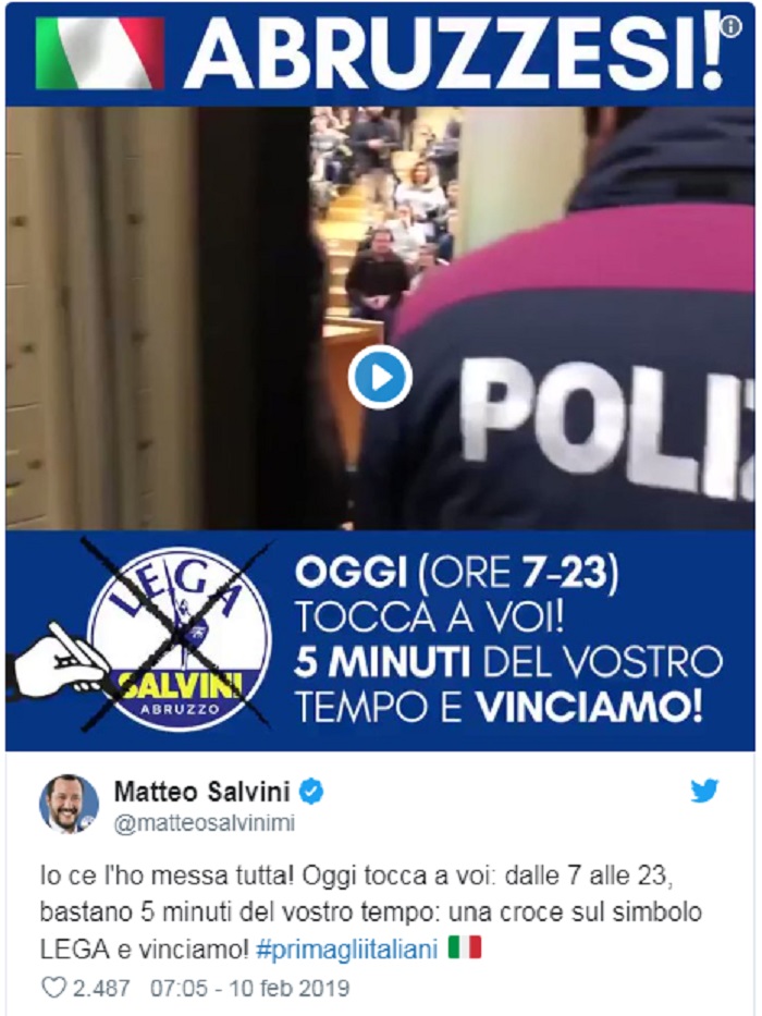 Non tarda la risposta a colpi di tweet di Nicola Zingaretti del Pd. “Oggi si vota in Abruzzo e il ministro degli Interni Salvini viola la legge elettorale facendo propaganda. Pensano al partito distruggendo l’Italia. L’arroganza e l’incapacità al potere. Iniziamo a mandarli a casa”.
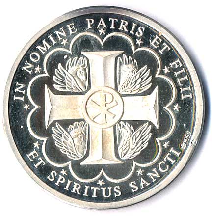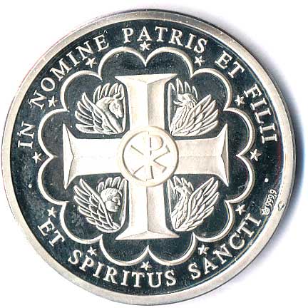 kříž, latinský opis, Ag 999 35/15g, začínající patina, etue
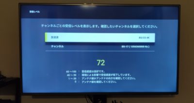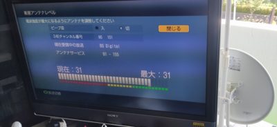 アンテナの調整が済んだら、ケーブルを居間の 4K TV まで接続したケーブルに差し替えまして、受信レベルを確認。見事に故障したアンテナよりも良好な受信レベルを示しておりますな。
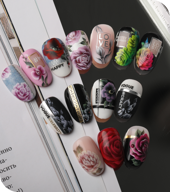 Каждому виду декорирования в курсе посвящен отдельный урок. Сначала короткая теория и обзор инструментов, далее наглядная практическая часть. Вы узнаете обо всех нюансах выполнения дизайна и сможете сразу повторить технику на модели или типсе.
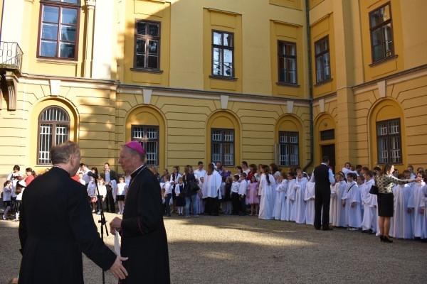 Varga László székesegyházi karnagy, a Karolina Katolikus Általános Iskola Székesegyházi Kórusiskola és Alapfokú Művészeti Iskola művészeti vezetője, a kántorképző igazgatója arra mutatott rá, hogy a beöltözéssel kapott ruhának nem csupán esztétikai értéke van. A szülőkkel összefogva a gyermekeket arra tanítják, hogy a fehér ruhával Jézus ruháját öltik magukra, a kereszttel pedig Jézus keresztjét veszik szívükre. Ez abban erősíti őket, hogy személyesen Krisztust öltsék mindig magukra, vele azonosulva pedig legyenek áldozatkészek a szeretetben.
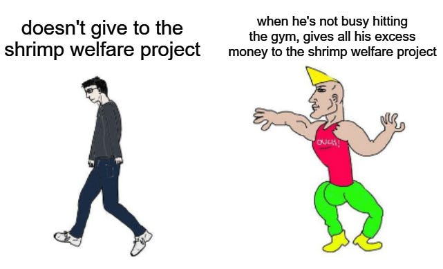 (Note: if any of the people making fun of shrimp welfare want to have a debate about it, shoot me a dm.)
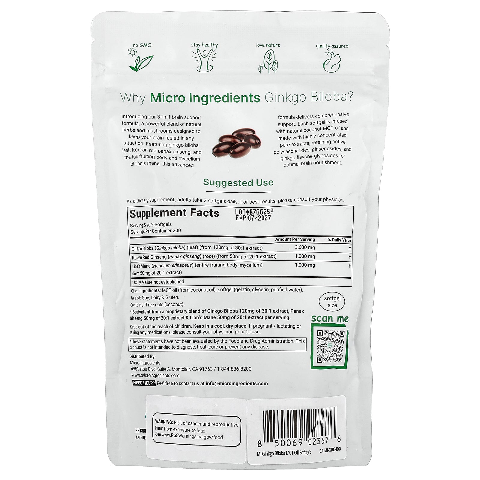 Introducing our 3-in-1 brain support formula, a powerful blend of natural herbs and mushrooms designed to keep your brain fueled in any situation. Featuring ginkgo biloba leaf, Korean red panax ginseng, and the full fruiting body and mycelium of lion's mane, this advanced formula delivers comprehensive support. Each softgel is infused with natural coconut MCT oil and made with highly concentrated pure extracts, retaining active polysaccharides, ginsenosides, and ginkgo flavone glycosides for optimal brain nourishment.
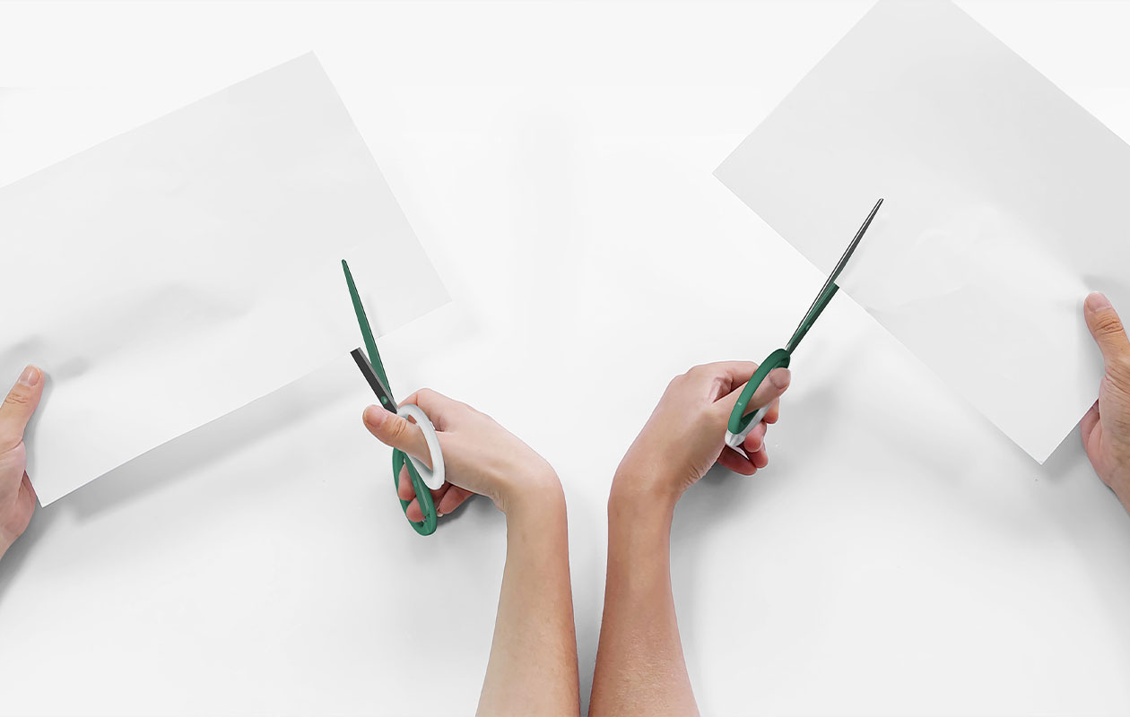 “双剪”是一把左右手用户都能正常使用的通用性剪刀。对于左利手用户而言,他们生活在右利手的产品世界中,大多数的产品都是专门为右利手用户而设计,少数的设计师也专为左手用户设计。但是我们认为左右手用户可以共同使用一把剪刀,提高剪刀的通用性,在公共环境或团队中,给不同用户以同样的包容。 世界上有超过90%的剪刀是专为右利手用户而设计的,左利手用户使用普通剪刀是一件困难的事情,只能选择定做或购买特殊的左利手剪刀。“双剪”是一把能够包容左右手用户的剪刀,她是一把双刃剪刀,只需要切换“刃”的方向,就可以实现左右切换。 使用成熟而简单的工艺,实现产品的通用性,以此实现合适的产品价格,以更容易的被用户所接受。 “工具”应该包容用户,而不是让用户强行适应工具。
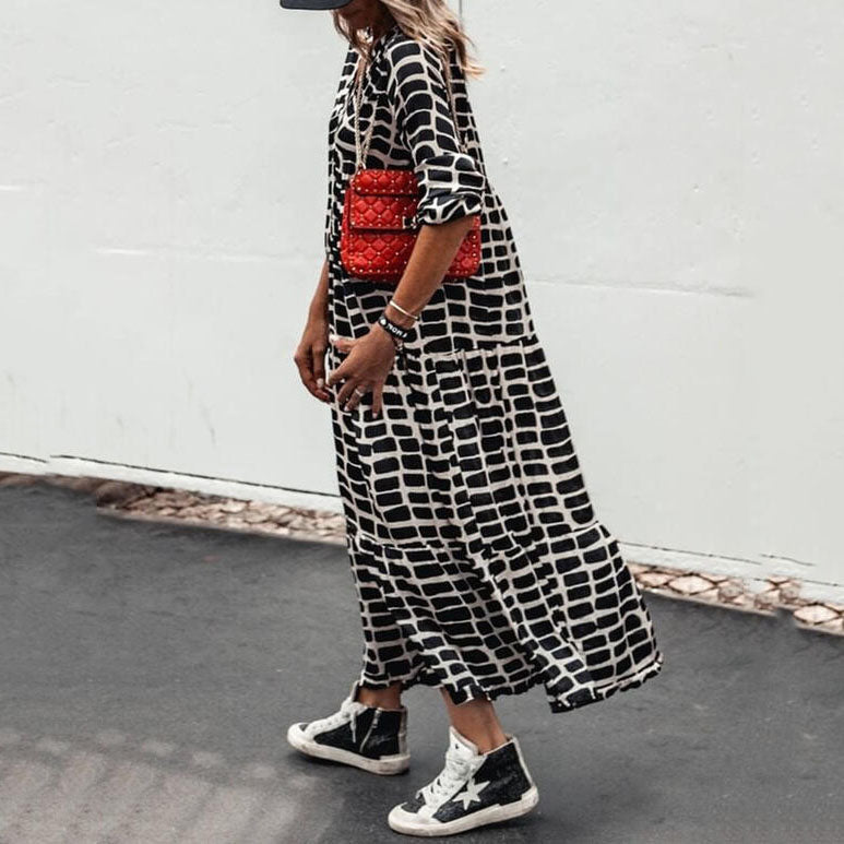 • Load image into Gallery viewer, Casual V-Neck Leopard Printed Maxi Dress
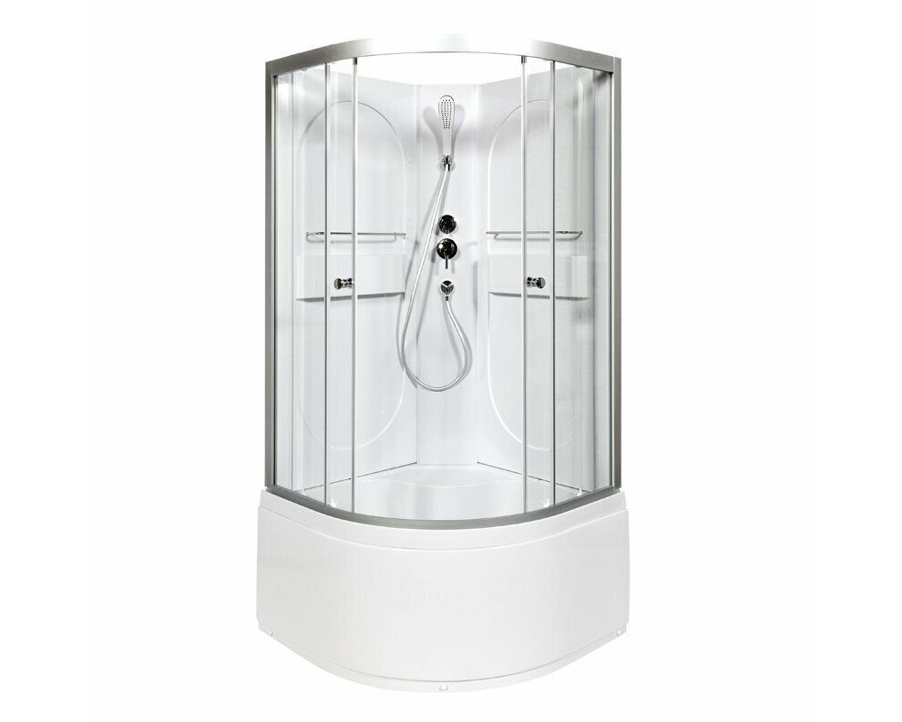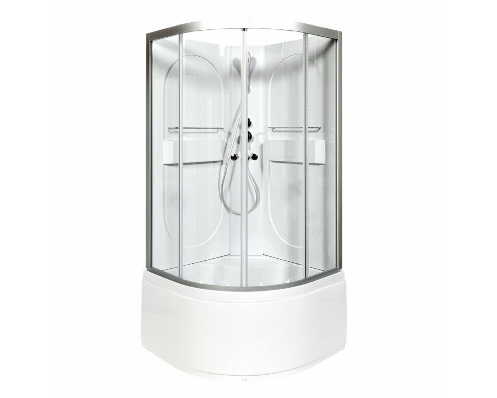 Стильная душевая кабина Deto L690 N (без крыши) сочетает в себе высокую функциональность, практичность и надежность. Для изготовления применяют безопасное закаленное стекло толщиной 4 мм, надежно фиксируемое алюминиевым профилем. Цвет профиля хром. В комплекте смеситель, душевой гарнитур, встроенное сидение, полочки.
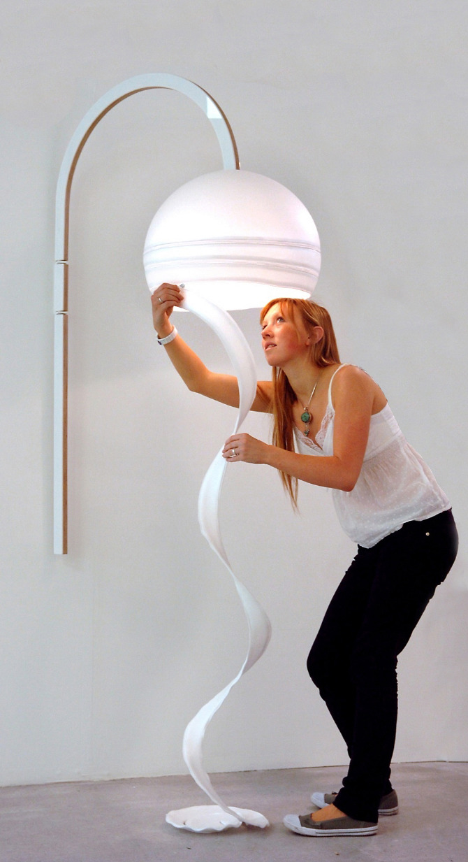 This sculptural indoor light requires the user to interact with it to alter the amount of light output. This design originates from my research into nature and plants and how they reveal inner layers of life and change according to the seasons. As the light unzips it spirals to the floor, pealing back the form and releasing the light. This is designed for an active environment where it can be visually stimulating as well as functional by Delmeza Hill
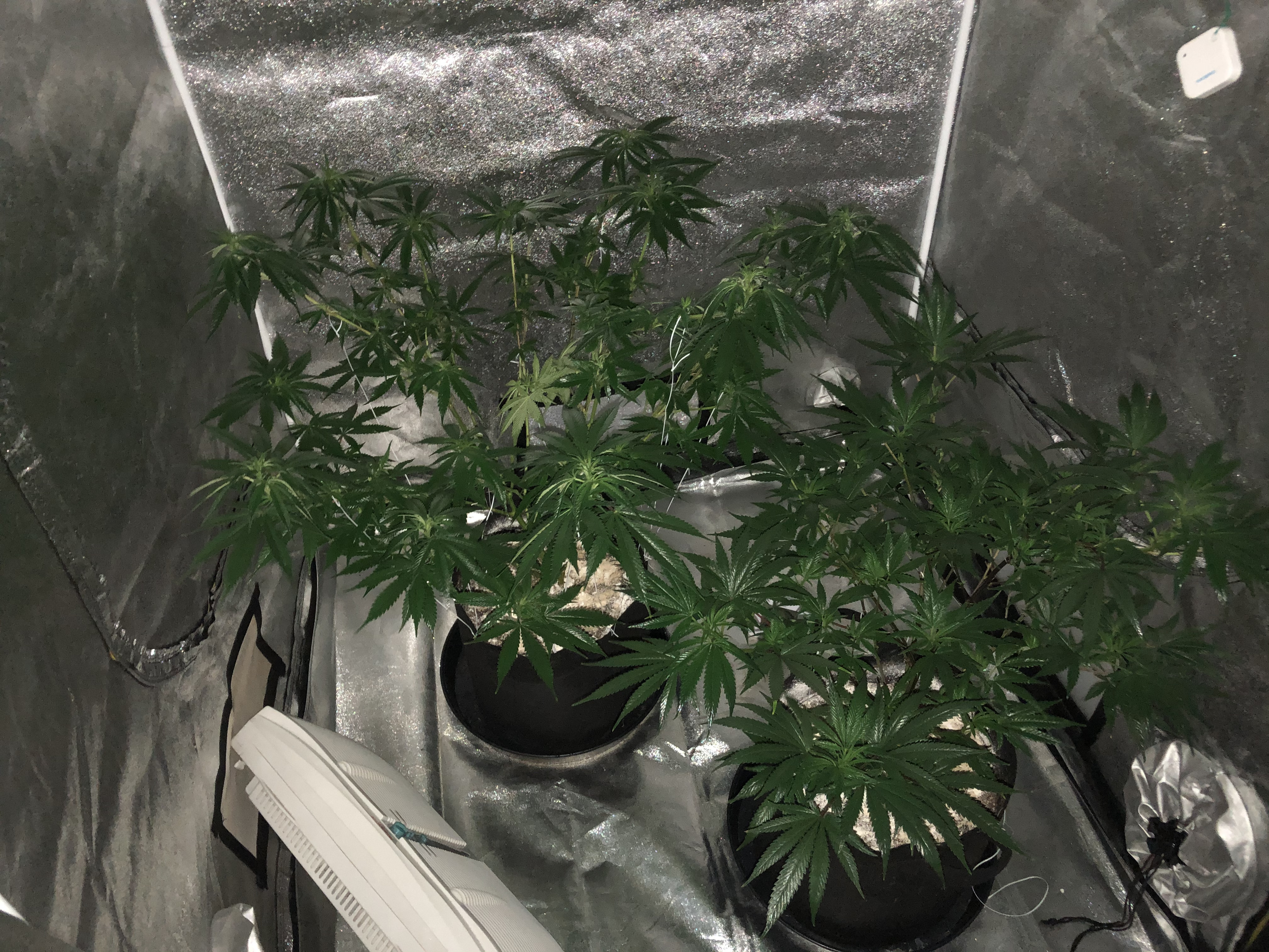 “WC” is in the 4x4 still with more room to grow, and the “GOD” is in the 3x3 filling it out nicely. Had to re-adjust the trellis net and add another to the 3x3, and get everything settled and ready for the flip. Sprayed again last night with sodium bicarbonate (baking soda). Will continue to spray, but also looking into spraying with pure tea tree oil mixed in water (I’m still researching this method, but reading great results! Anyone try this? I’d love to hear how it’s worked for you or any feedback, as there isn’t much on it yet in forums)

----

Your task: All lines from the beginning of the material above through the line holding "Каждому виду декорирования" are to be given again exactly, and no others; pictures do not go in.

Answer:
 Non tarda la risposta a colpi di tweet di Nicola Zingaretti del Pd. “Oggi si vota in Abruzzo e il ministro degli Interni Salvini viola la legge elettorale facendo propaganda. Pensano al partito distruggendo l’Italia. L’arroganza e l’incapacità al potere. Iniziamo a mandarli a casa”.
 kříž, latinský opis, Ag 999 35/15g, začínající patina, etue
 アンテナの調整が済んだら、ケーブルを居間の 4K TV まで接続したケーブルに差し替えまして、受信レベルを確認。見事に故障したアンテナよりも良好な受信レベルを示しておりますな。
 Каждому виду декорирования в курсе посвящен отдельный урок. Сначала короткая теория и обзор инструментов, далее наглядная практическая часть. Вы узнаете обо всех нюансах выполнения дизайна и сможете сразу повторить технику на модели или типсе.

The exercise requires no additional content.